EPLAW PATENT BLOG

DK – ELI LILLY V. MYLAN / THE DANISH MARITIME AND COMMERCIAL HIGH COURT (TADALAFIL)

Posted: March 14th, 2019

Eli Lilly and Company, ICOS Corporation, and Eli Lilly Danmark A/S (“Eli Lilly”) v. Generics (UK) Limited and Mylan AB (“Mylan”), the Danish Maritime and Commercial High Court, Case number BS-33415/2018-SHR, 1 February 2019

The case concerns infringement of Eli Lilly’s patent DK/EP 1 173 181 T6 (“DK/EP ‘181”) which relates to the use of the active substance tadalafil in a dosing regime and applications thereof, including for the treatment of sexual dysfunction, wherein tadalafil is administered up to a maximum of 5 mg tadalafil per day.

Eli Lilly markets tadalafil under the trademark CIALIS® in four strengths; 2.5 mg, 5 mg, 10 mg and 20 mg. The tablets with 10 mg and 20 mg are for use “on demand” while the tablets with 2.5 mg and 5 mg can be used as a “once a day” dosage regimen.

In September 2018, Mylan began marketing in Denmark of its generic version of Cialis®, Tadalafil “Mylan”, in the strength 5 mg, and Eli Lilly immediately filed a request for a preliminary injunction. On 1 February 2019, the Danish Maritime and Commercial High Court handed down its decision granting a preliminary injunction against Tadalafil “Mylan” with the strength 5 mg.

During the proceedings, Mylan had claimed that DK/EP ‘181 was invalid due to lack of inventive step. Mylan argued that the invention was obvious in light of the patent application WO-A-97/03675 (Daugan II) and the skilled person’s knowledge of the known PDE-5 inhibitor sildenafil (Viagra®).

Furthermore, Mylan claimed that there was no presumption that the granted patent DK/EP ‘181 was valid, as the patent claims had been limited through EPO’s limitation procedure so that claim 1 of DK/EP ‘181 is now limited to comprise a unit dosage of 1 to 5 mg tadalafil to be administered up to a maximum dose of 5 mg tadalafil per day, instead of a unit dosage of 1 to 20 mg tadalafil to be administered up to a maximum dose of 20 mg tadalafil per day as stated in claim 1 of the patent as initially granted.

Mylan argued that EPO’s limitation procedure does not entail a renewed examination of whether the limited claims meet the patentability requirements, including regarding novelty and inventive step.

Eli Lilly maintained that the patent is valid and that there is still a presumption of validity, despite the limitation of the patent claims. The Court found that the fact that a patent had been limited in the limitation procedure does not entail that the presumption of validity ceases.

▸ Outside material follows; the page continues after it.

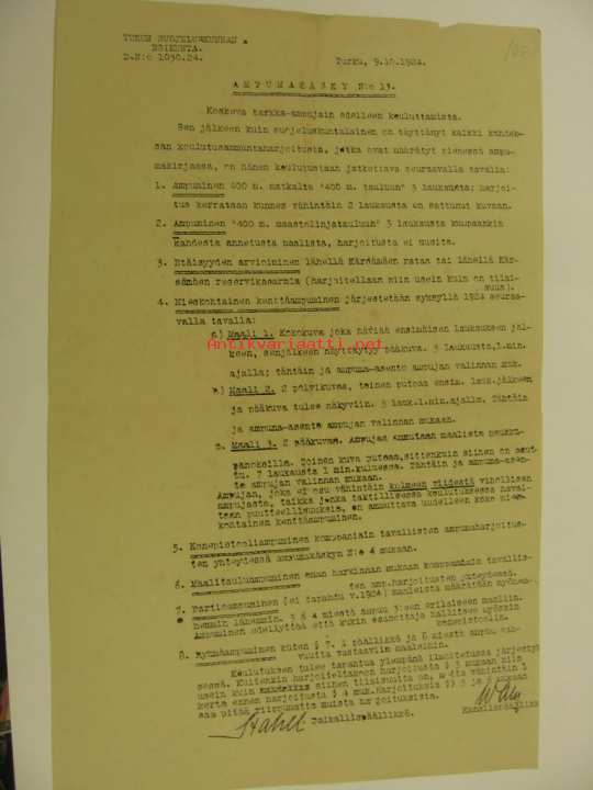 Ampumakäsky nro 13 Suojeluskunta Turku 9.10.1924

In this connection, the Court stated that the EPO had granted DK/EP ‘181 after examining whether it meets the patentability requirements. The fact that the claims have been limited and the EPO during the limitation procedure solely examines whether the limited claims
1) constitute a limitation compared to the claims of the initially granted patent,
2) are clear and concise, cf. EPC art. 84,
3) do not extend beyond the application as filed, cf. EPC art 123(2), and
4) do not extend the protection conferred, cf. EPC art 123(3), does not alter the fact that there is still a presumption that the limited patent is valid, including that it meets the requirements regarding novelty and inventive step.

Accordingly, the Court found in favor of Eli Lilly that there was a presumption that DK/EP ‘181 is valid.

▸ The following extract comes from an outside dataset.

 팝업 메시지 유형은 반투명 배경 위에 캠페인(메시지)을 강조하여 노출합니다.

Based on a thorough analysis of the question regarding inventive step, the Court found in favor of Eli Lilly, i.e. that Mylan had not rendered it probable that DK/EP ‘181 was invalid. It is noted in the decision that both Daugan II and information regarding the properties of sildenafil is mentioned in DK/EP ‘181 and that Daugan II and a publication regarding Viagra was examined by the EPO during the examination of the patent application.

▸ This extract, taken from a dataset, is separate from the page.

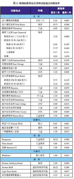 世界各地都進行過各種應用環(huán)境下的金屬腐蝕性能比較試驗。以碳鋼為標準樣品對這些試驗地點的腐蝕性進行了比較。表2給出了標準樣品在北美試驗地點的腐蝕率數(shù)據(jù)。盡管某些地點處于經(jīng)常使用除冰鹽的地區(qū),但樣品并未暴露于除冰鹽之下。

It was thus concluded that Eli Lilly had rendered it probable that DK/EP ‘181 is valid.

During the proceedings Mylan did not contest that if DK/EP ‘181 was valid, it was also infringed by the 5 mg tablets. On this basis, the court granted a preliminary injunction against sale and marketing etc. of Tadalafil “Mylan” with the strength of 5 mg.

The decision has not been appealed by Mylan.

You can read the decision (in Danish) here.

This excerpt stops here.